Run the following code and inspect the ouput.

Where does it differ? Where does it find good/bad alignments? What about processing speed?

Tweak the scores for match, mismatch and gaps and try to find a good setting.

In [0]:
smith_waterman = SmithWaterman(match_score=2,
                               mismatch_score=-1,
                               gap_score=-1,
                               n_max_alignments=1,
                               min_score_treshold=0)
line_form_func = lambda line:line.text_no_diacritics.split(' ')
alignments_outfile = 'alignments_word-based_without_diacritics'
target_lines = lines_chr_pat
source_lines_dict = {lines_medea[0].work_id:lines_medea}
alignments = find_line_to_line_alignments(target_lines, source_lines_dict, smith_waterman.align, 3, line_form_func)
save_alignments_html(alignments, target_lines, source_lines_dict, alignments_outfile, lambda line:line.text_raw.split(' '), 4)
HTML(filename='./'+ alignments_outfile + '.html')

# 3) Advanced exercises and extensions

Now that you got the basic ideas and a feeling for how the algorithm behaves and how parameters affect the outputs, here are some suggestions how to further improve the software.

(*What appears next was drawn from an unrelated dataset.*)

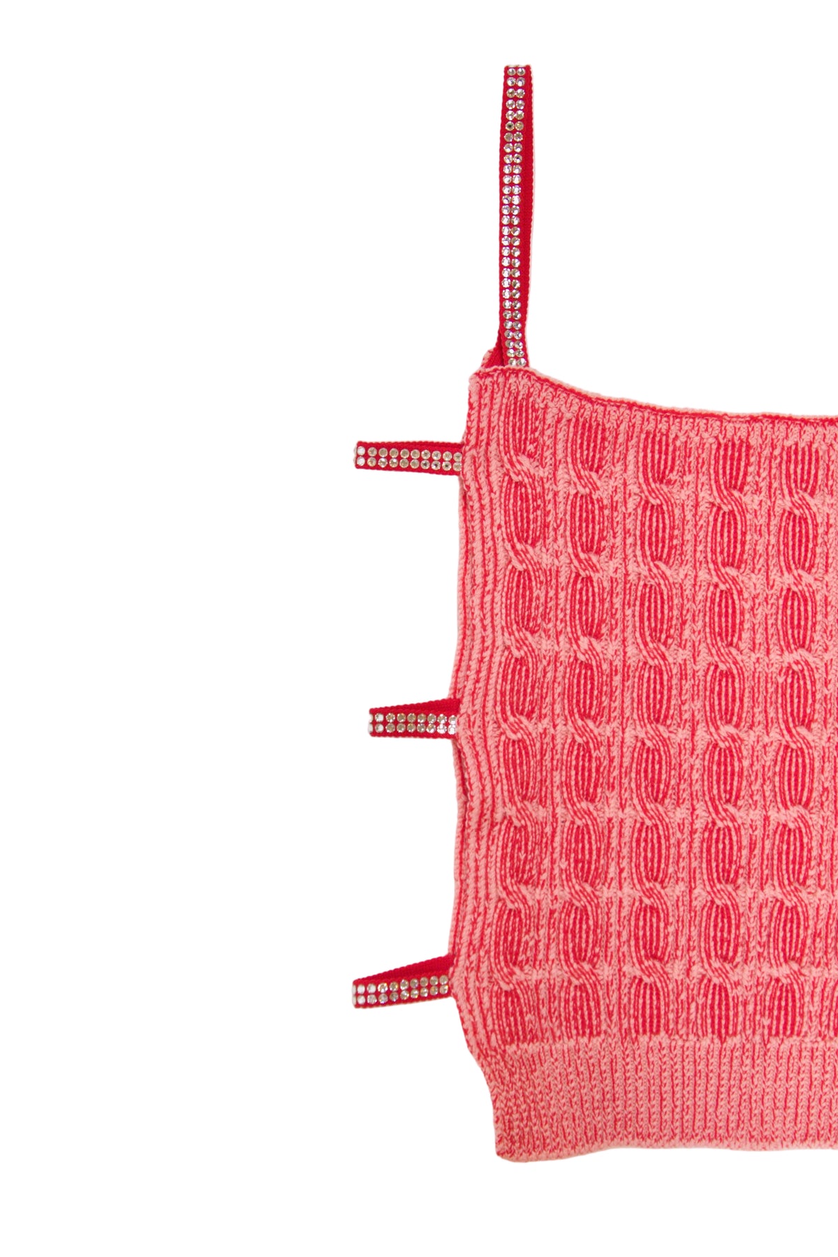 Red and pink tweed pattern tank with sides exposed and rhinestone embellished straps.
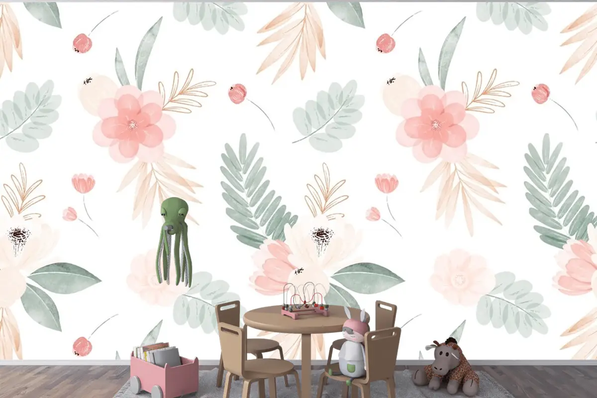 Suluboya Çiçek Çizim Arka Plan Çocuk Odası Duvar Kağıdı

## Exercise 3.1: incorporating morphological information
Because 
Have a look at the formatting of the morphology data base files: 
```
<d>
  <token>
    <word-form-id>1</word-form-id>
    <word-form>ἀάατον</word-form>
    <word-form-without-diacritics>ααατον</word-form-without-diacritics>
    <lemma>ἀάατος</lemma>
    <lemma-without-diacritics>ααατος</lemma-without-diacritics>
    <morphological-analysis>a-s---fa-</morphological-analysis>
    <lemma-id>1</lemma-id>
    <translation>not to be injured, inviolable</translation>
    <dialect/>
  </token>
<t>
  <i>1</i>
  <f>ἀάατον</f>
  <b>ααατον</b>
  <l>ἀάατος</l>
  <e>ααατος</e>
  <p>a-s---fa-</p>
  <d>1</d>
  <s>not to be injured, inviolable</s>
  <a/>
</t>
```



Steps:
- load morphological data base from GitHub
- Map all words to their lemmatized form
- Find alignments using the lemmas


In [0]:
# download files if not present
!([ ! -f MorpheusGreek1-319492.xml ]) && wget https://raw.githubusercontent.com/gcelano/MorpheusGreekUnicode/master/MorpheusGreek1-319492.xml
!([ ! -f MorpheusGreek319493-638984.xml ]) && wget https://raw.githubusercontent.com/gcelano/MorpheusGreekUnicode/master/MorpheusGreek319493-638984.xml
!([ ! -f MorpheusGreek638985-958476.xml ]) && wget https://raw.githubusercontent.com/gcelano/MorpheusGreekUnicode/master/MorpheusGreek638985-958476.xml
morph_xml_fnames = ['MorpheusGreek1-319492.xml',
                    'MorpheusGreek319493-638984.xml',
                    'MorpheusGreek638985-958476.xml']

# load data base
morph_dict, max_id = load_morphology(morph_xml_fnames, False)
print('{} lemmas loaded'.format(max_id))

# add all words of Christus Patiens and Medea that were not in the data base
m = max_id
max_id = add_lemma_ids(lines_chr_pat, morph_dict, max_id, False)
print('{} lemmas added by Christus Patiens'.format(max_id - m))
m = max_id
max_id = add_lemma_ids(lines_medea, morph_dict, max_id, False)
print('{} lemmas added by Medea'.format(max_id - m))
print('{} total lemmas'.format(max_id))



## Exercise 3.2: Word count statistics
Modify the alignment scoring by introducing a weighted matching score scheme, where frequent (but potentially uninteresting) words get lower match scores and rare, (but potentially interesting words) get higher match scores.


## Exercise 3.3: Alternative alignment algorithms
Create an alternative alignment function, e.g. by just counting same words in lines to be matched, without taking care of the ordering of words. Does this improve the results? In which situations?